Mutation protects men from Alzheimer’s, suggests cure

This man was supposed to have Alzheimer’s disease in his early 40s — he had, or seemed to have, a genetic mutation that ensured it. Scans of his brain also revealed severe atrophy and the rough, hard amyloid plaques and spaghetti-like tangles of tau protein that characterize the disease. But the fatal brain disease didn’t develop until the man was 67.

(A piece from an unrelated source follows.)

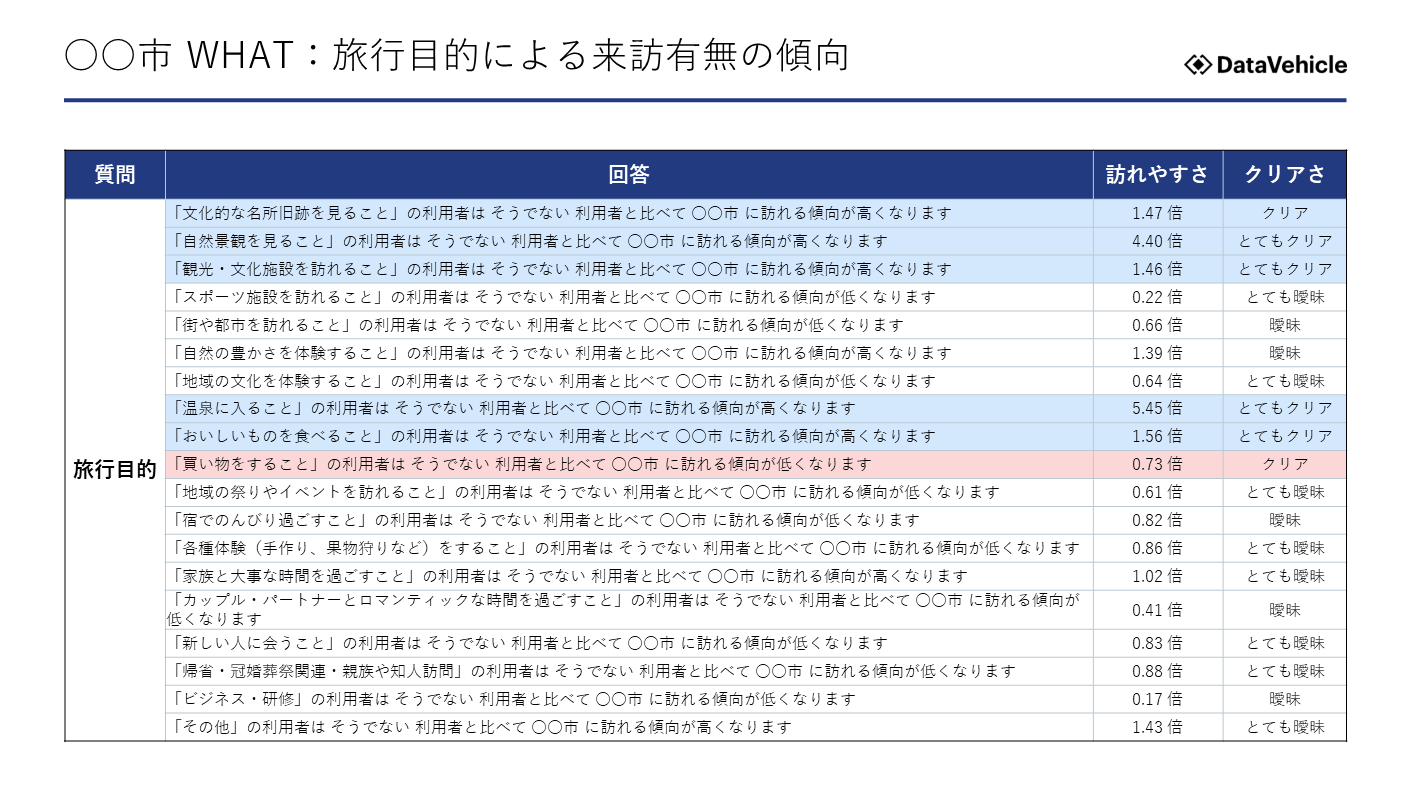 ※オルタナインサイトは、アンケートで集計したデータに高度な統計解析を適用し、その結果と根拠を文章で説明する「分析」に強みがあり、自治体の観光DXでは地域ごとの課題解決に直結した結果を示すレポートを提供しています。
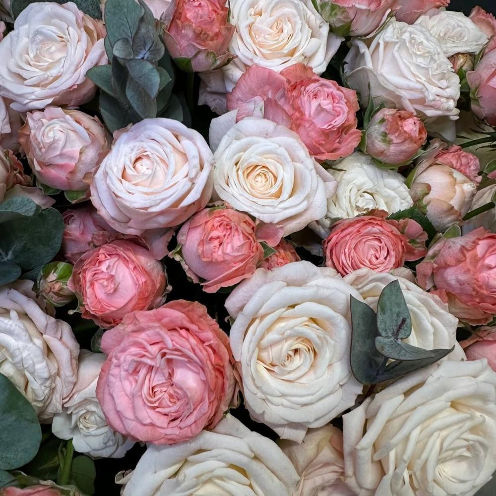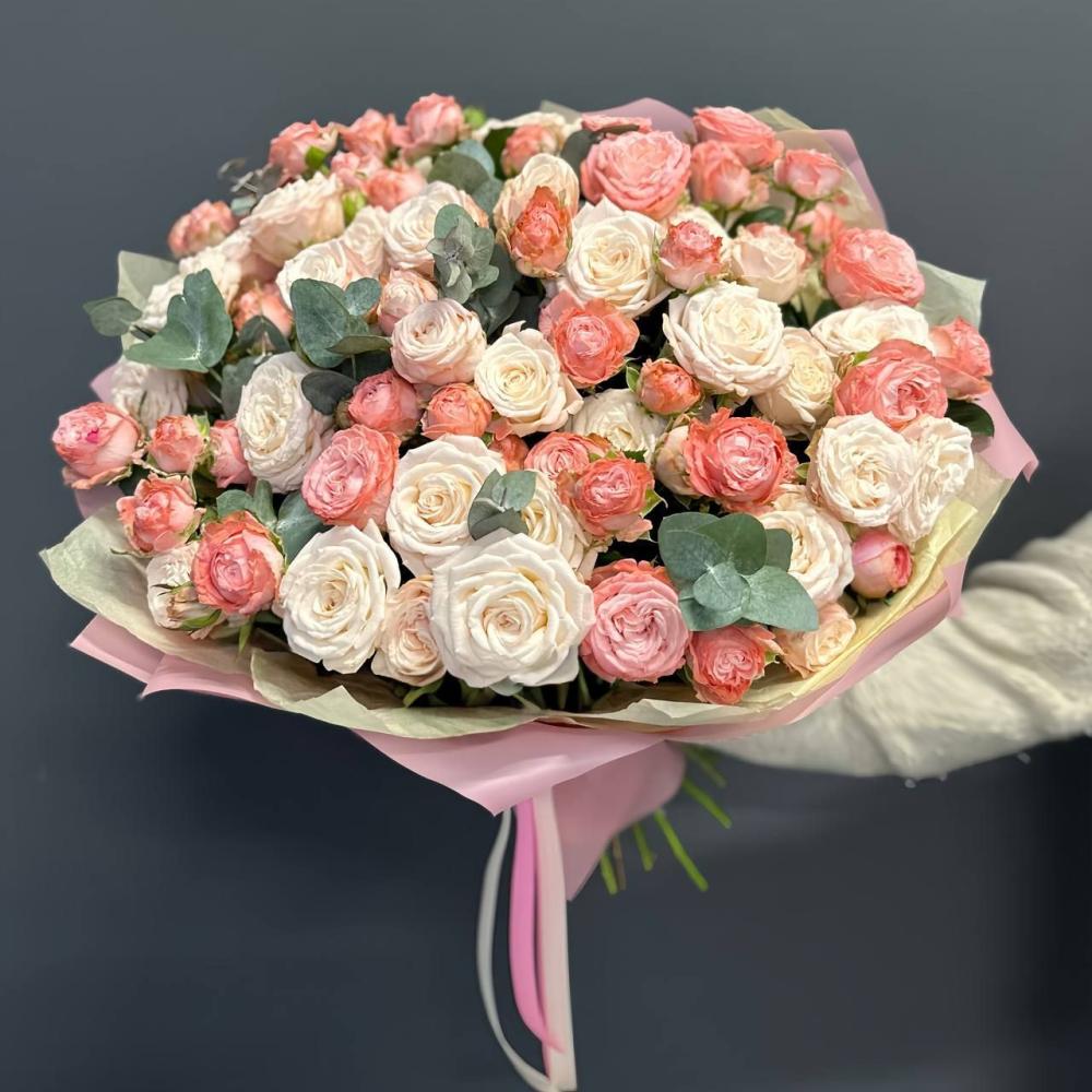 Букет из 19 кустовых пионовидных роз с добавлением эвкалипта Доставляется в транспортировочной коробке

Now, intensive research efforts have revealed why. This man was protected because another mutation in another gene prevented the disease from penetrating the entorhinal cortex. That small region of the brain is the hub of neurons involved in memory, object recognition, navigation and time perception. And scientists believe that’s where Alzheimer’s disease begins.

A paper on the findings was published Monday in Nature Medicine.

Alzheimer’s disease affects more than 6 million people in the United States, and the disease is notoriously difficult to treat. But here was a man with a mutation that causes the most severe and rapidly progressing Alzheimer’s disease. And his illness was delayed by 20 years. If drugs do the same thing as mutations, and most people develop Alzheimer’s later in life, the outcome could be very different.

“This really holds the secret to the next generation of treatments,” said Dr. Joseph F. Arboleda Velázquez, a cell biologist at the Massachusetts Eye Clinic in Boston and a member of the research team. Dr. Arboleda Velázquez is the co-founder of a biotechnology company aiming to produce drugs that act on this research.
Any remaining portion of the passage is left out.